Of the case for fair use: digital distribution of course materials: creative destruction

5. Creative Destruction

There is a theory that departs from the market failure framework entirely. Raymond Shih Ray Ku suggests that “creative destruction” could supply an economic rationale for a broader interpretation of fair use.[1]

Creative destruction describes the process by which industries change from within when radical new ways of doing business undermine and eventually replace old ways. We can see this process at work in the evolution of distribution systems for copyrighted materials. Digital networks, home computers and Internet connectivity are poised to replace the physical distribution of analog media. Ku argues that law should not take sides in this process by artificially supporting the old ways of doing business through, in this case, that grant of a strong monopoly right, at the expense of the newer alternatives. Law should be neutral and let markets and evolving business models sort things out. He suggests that applying the concept of creative destruction to the analysis of the fourth fair use factor would facilitate this neutral approach (appropriately weakening the monopoly) by yielding different results from those obtained with market failure analysis.

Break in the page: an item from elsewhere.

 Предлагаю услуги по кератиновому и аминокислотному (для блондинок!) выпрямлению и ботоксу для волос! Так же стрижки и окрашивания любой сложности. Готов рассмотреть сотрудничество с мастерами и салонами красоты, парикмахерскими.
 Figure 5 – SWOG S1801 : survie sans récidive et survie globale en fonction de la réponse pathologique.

As Ku describes it, a court can find that the fourth factor favors fair use, in other words that there has been no harm to the market for or value of a copyrighted work 1) where the copying at issue has been carried out by the person who will use the copy[2] and 2) the copying does not undermine the copyright owner’s incentive because creation of the work does not depend on the sale of copies.[3] Clearly this theory incorporates the idea that a copyright owner is not entitled to all possible sources of revenue for his creations, just those required to fund creation. It draws the line in a different place from Sony. Sony considered harm to current sources of funding and took external societal benefits into consideration as a counterbalance to harm to the copyright owner. A court relying on creative destruction can consider whether creation depends on the funding.[4] Copyright owners would not be entitled to any revenues that do not directly fund creation, even if they had received them traditionally and the proposed use eliminated or greatly reduced them.

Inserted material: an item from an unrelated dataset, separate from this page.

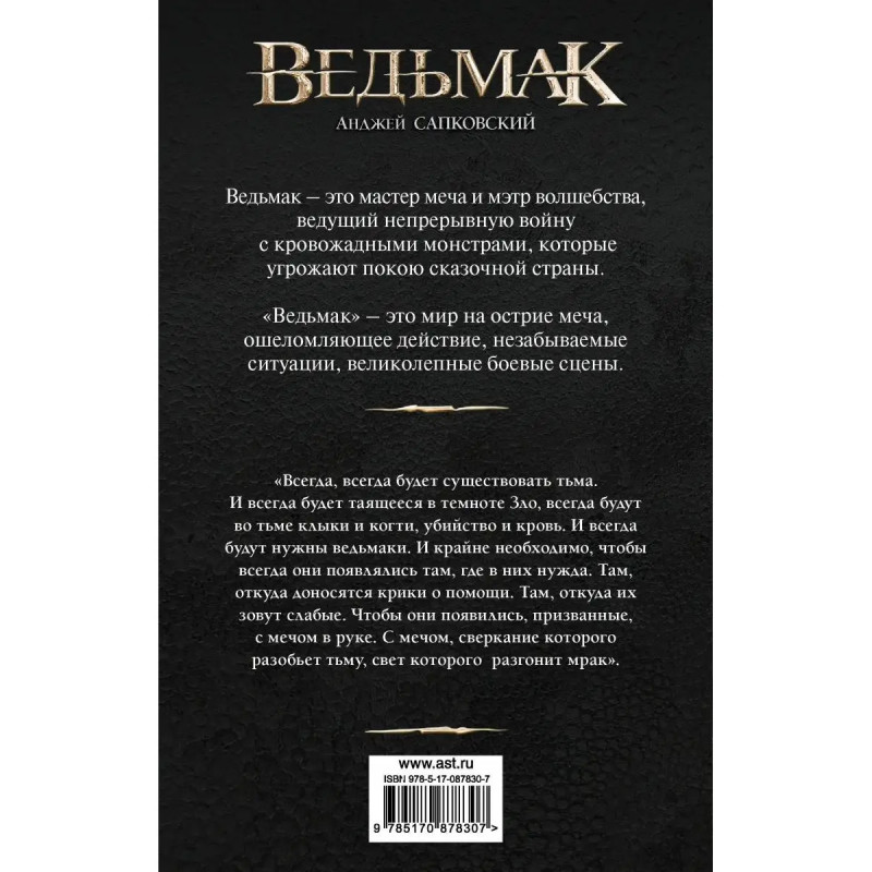 "Всегда, всегда будет существовать тьма. И всегда будет таящееся в темноте Зло, всегда будут во тьме клыки и когти, убийство и кровь. И всегда будут нужны ведьмаки. И крайне необходимо, чтобы они появлялись там, где в них нужда. Там, откуда доносятся крики о помощи. Там, откуда их зовут слабые. Чтобы они появились, призванные, с мечом в руке. С мечом, сверкание которого разобьет тьму, свет которого разгонит мрак".

[1] Shih Ray Ku, R., Consumers and creative destruction: Fair use beyond market failure. 18 Berkeley Technology & Law Journal 539 (2003).

[2] Indeed, the person making a copy has bought and paid for the entire distribution system himself: he buys a computer, a printer, a CD burner, and he subscribes to Internet service. The total cost of the system to make and distribute copies is no longer an expense borne by the copyright owner. Shih Ray Ku, Consumers and Creative Destruction, pp. 544 – 545.

[3] Shih Ray Ku, Consumers and creative destruction, 565 - 566.

[4] This argument would probably suffer from similar definitional problems to those described above for market dysfunction: Which revenues are necessary to fund creation and which are not?